Deep learning models can be unwieldy and often impractical to run on smaller devices without major modification. Researchers at Facebook AI Research found a way to compress neural networks with minimal sacrifice in accuracy.
What’s new: Building on earlier work, the researchers coaxed networks to learn smaller layer representations. Rather than storing weights directly, the technique uses approximate values that can stand in for groups of weights.
Key insight: The researchers modified an existing data-compression method, product quantization, to learn viable weight approximations.
How it works: By representing groups of similar weights with a single value, the network can store only that value and pointers to it. This reduces the amount of storage needed for weights in a given layer. The network learns an optimal set of values for groups of weights, or subvectors, in a layer by minimizing the difference between layer outputs of the original and compressed networks.
- For fully connected layers, the authors group the weights into subvectors. (They propose a similar but more involved process for convolutional layers.)

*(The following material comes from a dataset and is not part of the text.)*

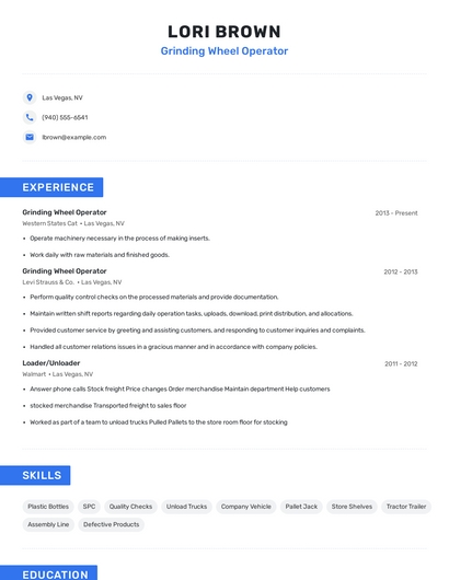 The most important skills for a grinding wheel operator resume and required skills for a grinding wheel operator to have include:

- They pick a random subset of subvectors as starting values, then iteratively improve the values, layer by layer, to minimize the difference between the compressed and original neural network.
- Then they optimize the compressed network representation against multiple layers at a time, starting with the first two and ultimately encompassing the entire network.
Results: The researchers achieve best top-1 accuracy on ImageNet for model sizes of 5MB and 10MB. (They achieve competitive accuracy for 1MB models.) They also show that their quantization method is superior to previous methods for ResNet-18.
Why it matters: Typically, researchers establish the best model for a given task, and follow-up studies find new architectures that deliver similar performance using less memory. This work offers a way to compress an existing architecture, potentially taking any model from groundbreaking results in the lab to widespread distribution in the field with minimal degradation in performance.
Yes, but: The authors demonstrate their method on architectures with fully connected layers and CNNs only. Further research will be required to find its limits, and also to optimize the compressed results for compute speed.
We’re thinking: The ability to compress top-performing models could put state-of-the-art AI in the palm of your hand and eventually in your pacemaker.